In Prattsville, a town of about 300 in the Catskill mountains, floodwaters stranded scores of people including about 20 who found themselves marooned on the second floor of a motel. Troops used elevated Humvees to trudge through the floodwaters, while rescue crews used helicopters to reach the mountain communities, Groden said.

In New York City, whose emptied streets imparted a surreal touch over the weekend, the devastating flooding feared by some did not materialize. The curved edge of lower Manhattan was soaked, but most damage in the city was confined to uprooted trees and wind-torn awnings.

New York Mayor Michael Bloomberg lifted evacuation orders on Sunday afternoon, authorities re-opened closed tunnels and bridges, and were taking steps to restart the city's subway system Monday morning.

Limited bus service began Sunday afternoon, and the heavily traveled PATH train system linking Manhattan to New Jersey was slated to resume service on Monday afternoon. But, said Bloomberg on Sunday, "It's safe to say it's going to be a tough commute tomorrow."

Despite a sense that the emergency was over in New Jersey and metropolitan New York, authorities warned people to stay inside their homes until ground conditions were fully assessed in the hardest hit areas.

"I am particularly concerned about downed power lines," said New Jersey Gov. Chris Christie during a morning interview on the "Today" show. "There is no, no safe place to be outside right now in New Jersey, between downed power lines, flooding. You need to stay in your home."
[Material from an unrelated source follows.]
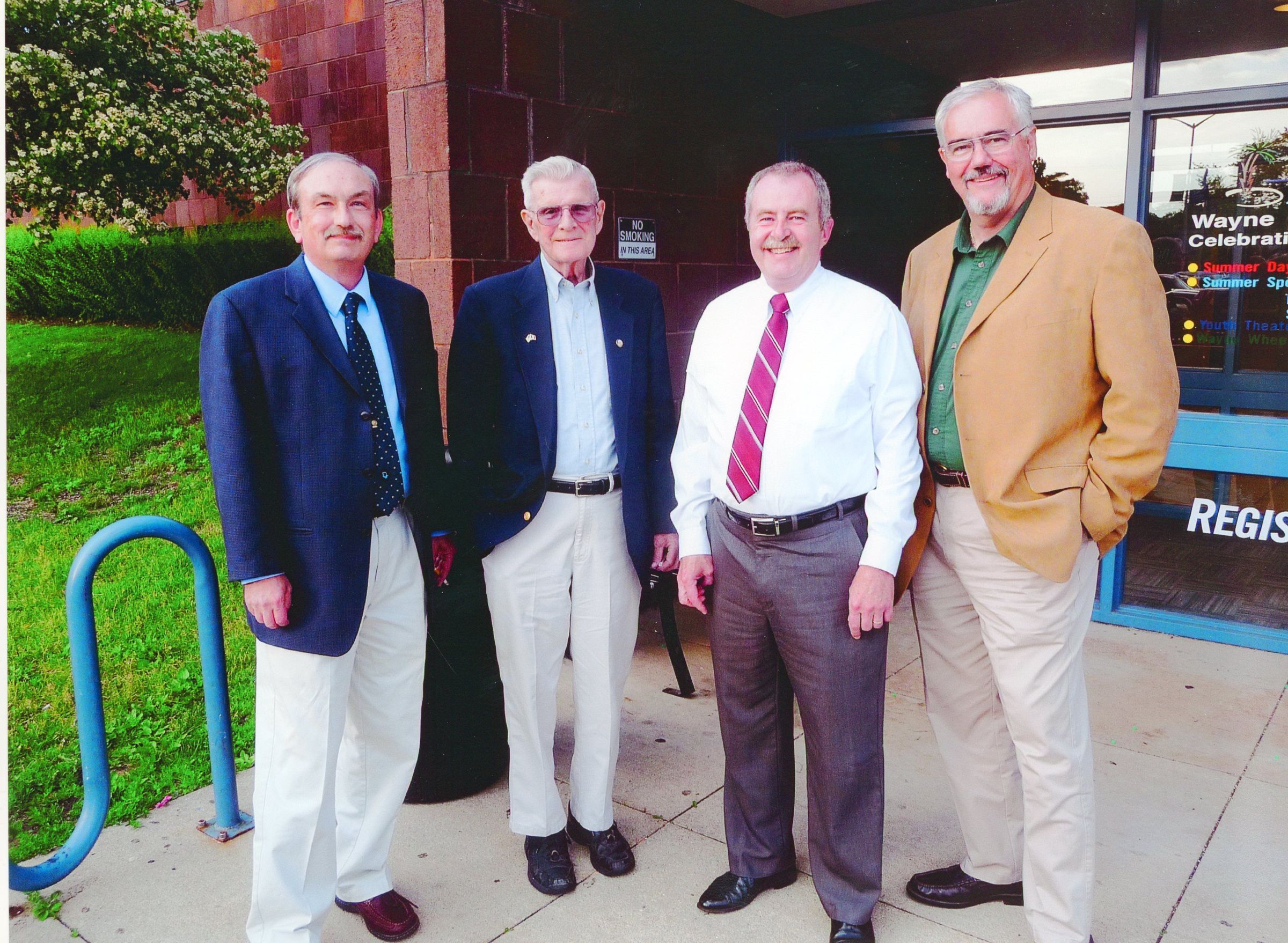 From left: Retired Lieutenant Tom Miller, Former State Representative/Wayne Councilperson Tom Kelly, Retired Sgt. Kevin Woodruff and retired Lt. Christopher John at the Wayne Community Center. Wayne Community Center(now Hype) is at 4635 Howe Rd in Wayne, MI. Photo taken on June 12, 2009Cataloged By

(In Connecticut, two firefighters were injured by electrical shocks. Both were briefly hospitalized.)

Christie said authorities were keeping an eye on dams in the state, filled by torrential rainfall - up to 8 inches in some areas.

On Long Island, Jennifer Ferri and her husband had ignored orders to evacuate their waterside home in Babylon. Early Sunday morning, a surging tide poured into their first-floor fitness room, destroying a refrigerator, television and most of their daughter's toys.

"It came in fast," said Ferri. "There wasn't time to pump it."

When the rain stopped at midday, the couple took a break from the cleanup and went for a walk in the flooded streets to see how their neighbors fared.

"This was bad flooding," said Ferri, "but I was expecting a lot worse," said Ferri.

Similar sentiments were heard in North Carolina, the first state hit by Hurricane Irene. Despite widespread flooding, downed trees, power outages and road closures caused by 85-mph winds and torrential rain, many were relieved the damage wasn't worse.

"We did all right," said Hal Denny, the mayor of Southern Shores, a beach town on North Carolina's Outer Banks, where the worst damage was wrought on trees, dozens of which had been uprooted.

Becky Breiholz, the town clerk for Manteo, N.C., was out surveying damage on Roanoke Island for state and federal officials Sunday morning. "I have to admit, I was getting a little scared early on and thinking, you know, maybe I should leave," said Breiholz, who stuck it out at home. "We were blessed."

(Reston reported from Mystic, Ceasar from Los Angeles and Zucchino from Manteo, N.C. Nathaniel Popper and Tina Susman in New York; Richard Fausset in Morehead, N.C.; Robin Abcarian in Los Angeles; Kim Geiger in Washington and Tom Hamburger in Annapolis, Md., contributed to this report.)